Finite Element Method (FEM): Application of FEM to solve mechanical problems in manufacturing.

Metal Cutting 2: Advanced study of machining, focusing on cutting tools and complex processes.

Machine Tool Components: In-depth study of the essential components of machine tools, their design, kinematics, and dynamics.

CNC Programming: Learning how to program CNC machines for the production of complex parts.

FEM Practical Work: Applying learned concepts using simulation software to solve engineering problems.

CAD/CAM Practical Work: Use of Computer-Aided Design and Manufacturing tools to design and simulate parts before fabrication.

Production Management: Methods for managing industrial processes to optimize production, logistics, and resources.

Optimization: Introduction to optimization methods (linear, non-linear, stochastic) for improving industrial processes.

Ethics and Standards Compliance: Awareness of industrial standards and ethical practices in the professional environment.

Semester 3:

Methods Office: Learning the methodologies used to define and optimize manufacturing processes in an industrial context.

Machining of Complex Surfaces: Analysis and machining techniques for producing complex surfaces on precision components.

High-Speed Machining: Study of rapid machining techniques, using high-speed machines to improve efficiency and accuracy.

Dynamics of Rotating Machines: Study of the dynamics of rotating machinery, including vibration effects and machine behavior under load.

Fracture and Fatigue Mechanics: Study of material failure under cyclic loading and fatigue behavior.

Practical Work – Methods Office: Practical applications of process planning and optimization in an industrial setting.

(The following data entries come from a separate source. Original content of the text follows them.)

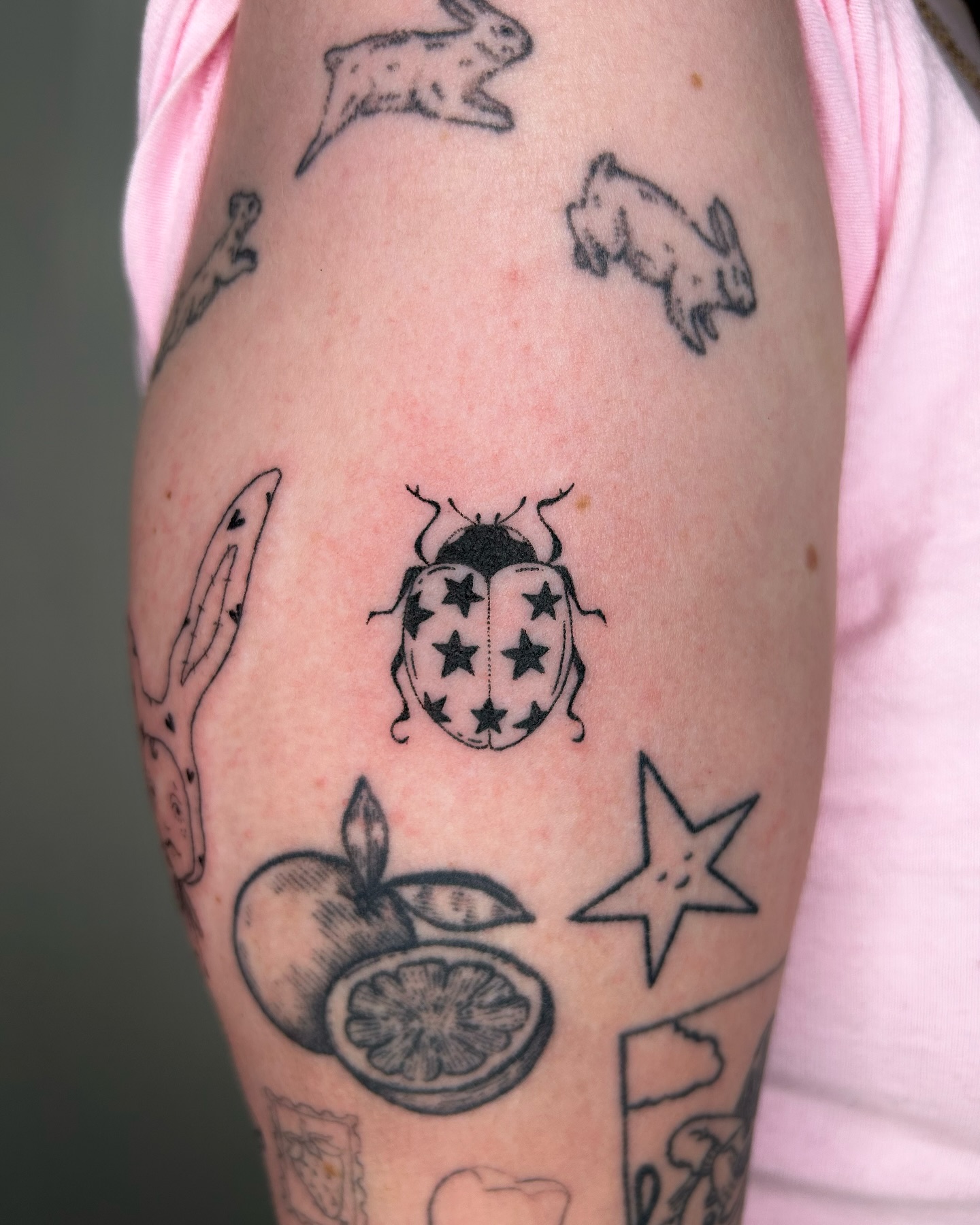The tattoo features a ladybug prominently decorated with star shapes, creating a unique and whimsical appearance.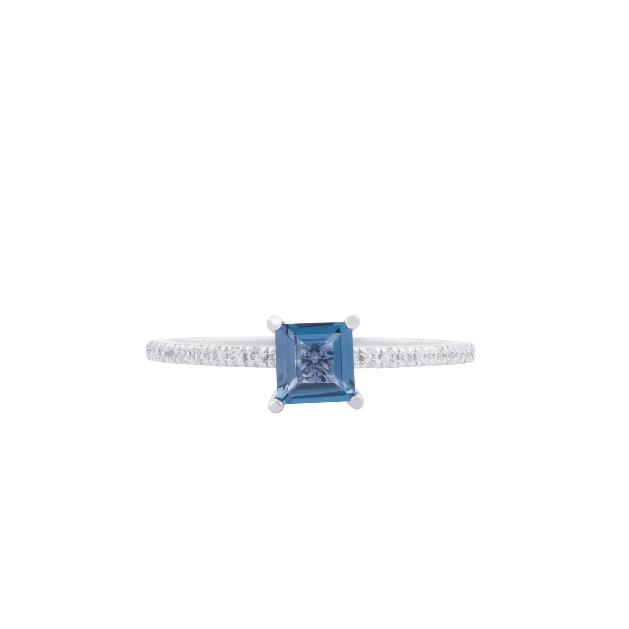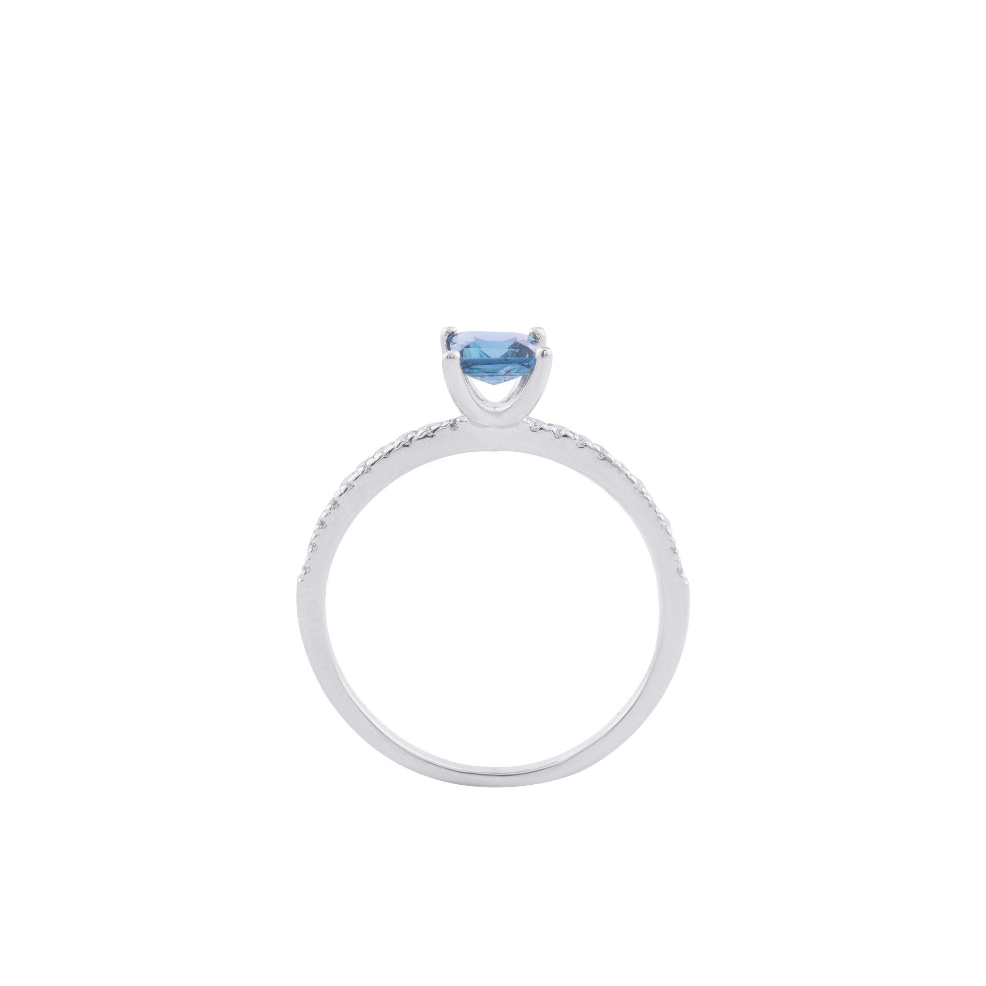 Viên đá xanh nổi bật ở trung tâm như đại dương lắng sâu, phản chiếu cảm xúc chân thành và bình yên. Dải kim cương nhỏ lấp lánh dọc thân nhẫn nhẹ nhàng nâng đỡ, tôn vinh khoảnh khắc khi yêu thương được đặt trọn vào một lời hứa.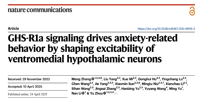 生理学专业2020级博士研究生张萌以第一作者在Nature Communications(IF=14.7,中科院1区top)发表题为“GHS-R1a signaling drives anxiety-related behavior by shaping excitability of ventromedial hypothalamic neurons.”的研究论文,男同性恋av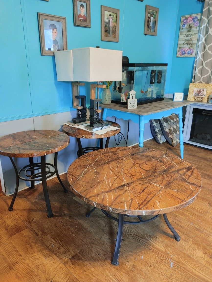Two end tables and a coffee table two lamps can separate lamps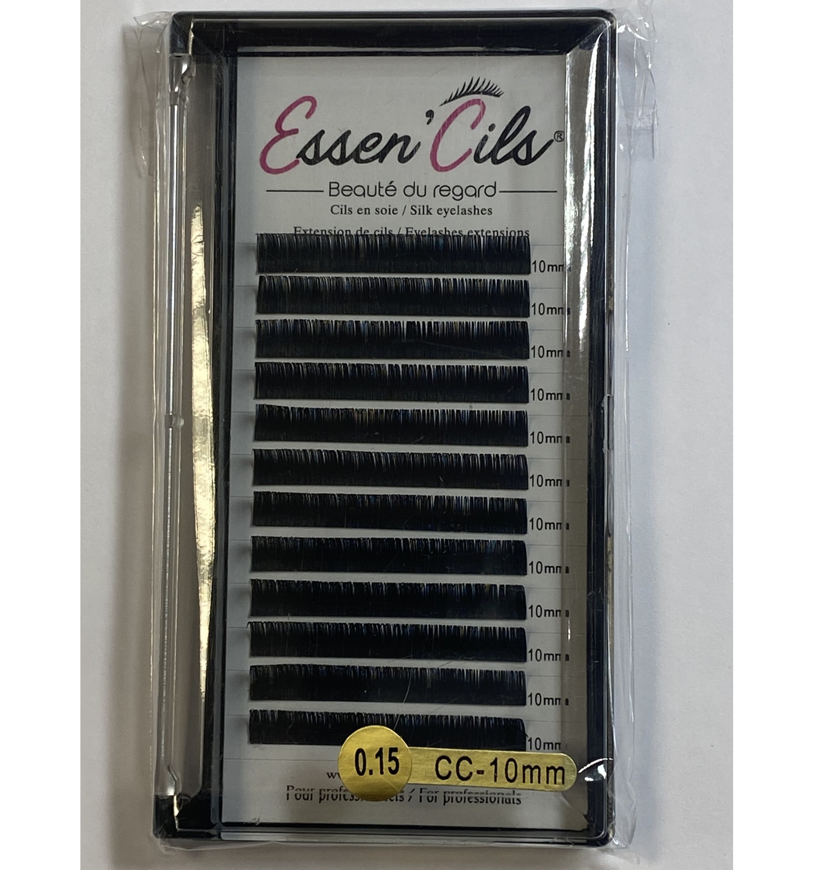 Extension de cils Essen'cils soie Boite de 12 Bandes de cils en 10 mm Courbure en CC Epaisseur de 0.15 Pour réaliser vos poses d'extension de cils en soie avec la technique du cil à cil. Résistantes, souples et confortables.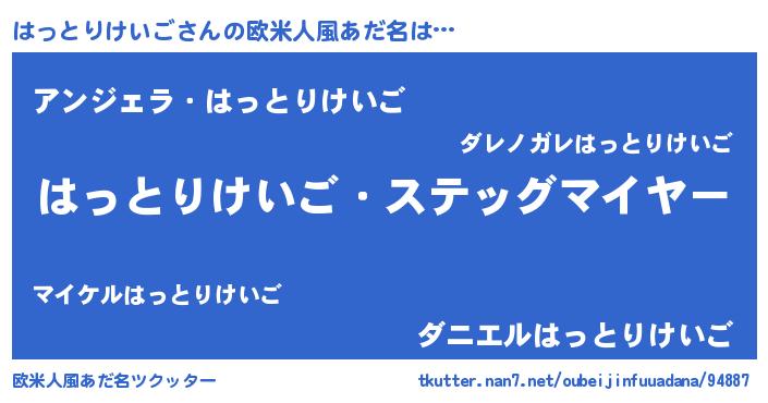 | 男性向けラノベタイトル風あだ名 | 『緋弾のハットリケイゴ』 |

Advanced High-Speed Machining: Deepening of advanced techniques for machining complex parts using high-speed equipment.

Advanced Topics

The program covers advanced topics in the field of manufacturing and production engineering:

High-Speed Machining (HSM): Learning advanced techniques for rapid and precision machining.

Advanced Industrial Robotics: Use of collaborative robots (cobots) and robot programming for complex production applications.

Optimization of Industrial Processes: Continuous improvement of manufacturing processes to maximize efficiency and reduce costs.

Dynamics of Machines and Vibration Analysis: Study of vibrations in industrial machines and their impact on production quality.

Fracture and Fatigue Mechanics: Study of the resistance of materials subjected to repeated loading and its effect on component lifespan.

Final-Year Projects and Internships: Practical application of the knowledge and skills acquired throughout the program.